**Problem description**. Below is a listing to copy exactly; no image goes into the copy.

**Dataset section**.
☆ ☆ ☆ ☆

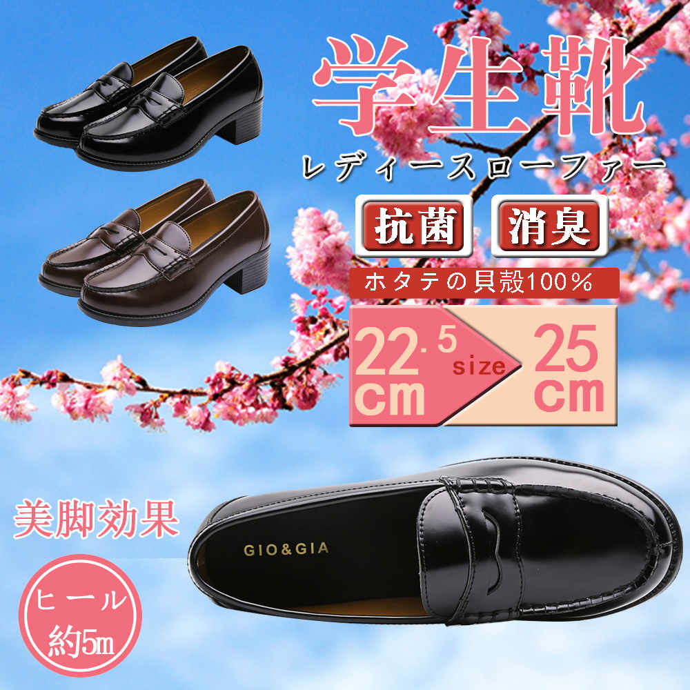 [GIO&GIA] (平日24時間以内発送) レディース 女子 学生靴 ヒールアップ(+5cm) スクール ローファ クッション...
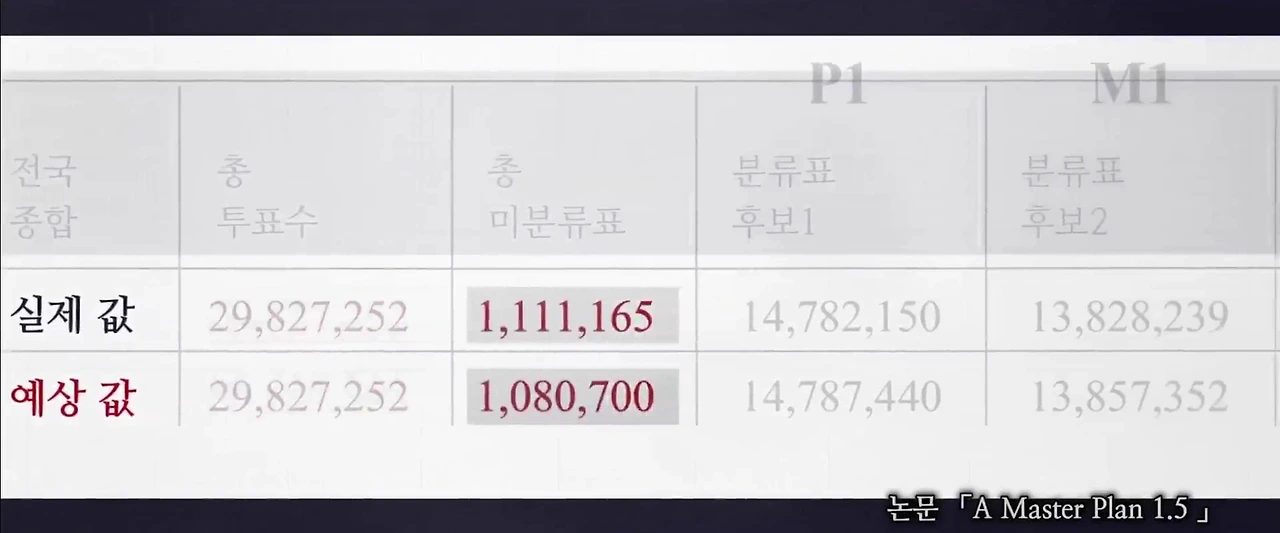 다큐멘터리에서 현화신 교수님께서는 K값이 1.5를 중심으로 분포를 그린다고, 개표기가 "범인"이라고 생각한다고 얘기하셨습니다. 분명 개표기가 K값이 1.5를 그리는 이유일 가능성이 가장 크겠지만 그것이 반드시 개표기에 임의적인 조작이 가해졌다는 얘기는 아닙니다.
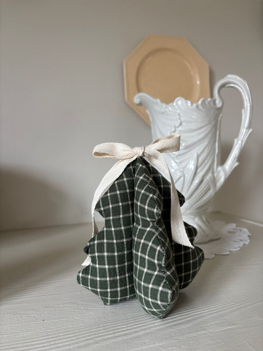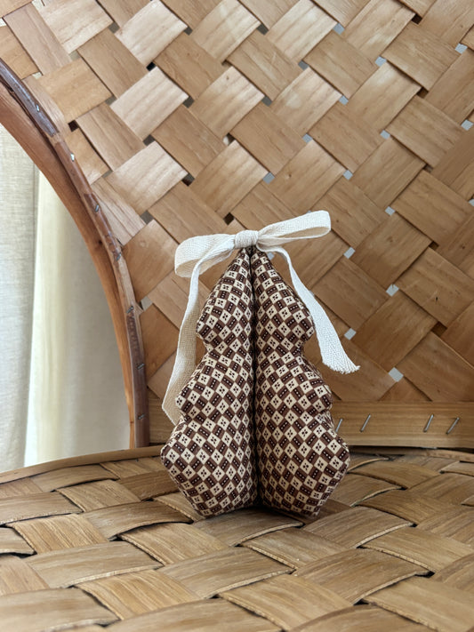 Håndlavet juletræ i bomuldsstof med sløjfe - brunternet
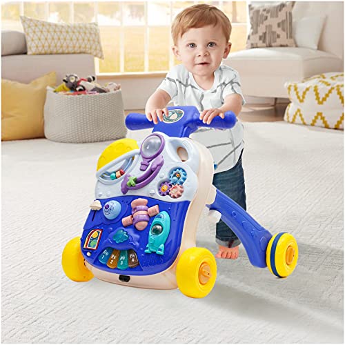 Carrellino Primi Passi Rimovibile Regolabile in Altezza,Primi Passi per Bambini Multifunzionale con Luce,Giocattolo Elettronico Educativo con Musica e Suoni,Girello per 9+ Mesi

☆ ☆ ☆ ☆

**Solved problem**.
 [GIO&GIA] (平日24時間以内発送) レディース 女子 学生靴 ヒールアップ(+5cm) スクール ローファ クッション...
 다큐멘터리에서 현화신 교수님께서는 K값이 1.5를 중심으로 분포를 그린다고, 개표기가 "범인"이라고 생각한다고 얘기하셨습니다. 분명 개표기가 K값이 1.5를 그리는 이유일 가능성이 가장 크겠지만 그것이 반드시 개표기에 임의적인 조작이 가해졌다는 얘기는 아닙니다.
 Håndlavet juletræ i bomuldsstof med sløjfe - brunternet
 Carrellino Primi Passi Rimovibile Regolabile in Altezza,Primi Passi per Bambini Multifunzionale con Luce,Giocattolo Elettronico Educativo con Musica e Suoni,Girello per 9+ Mesi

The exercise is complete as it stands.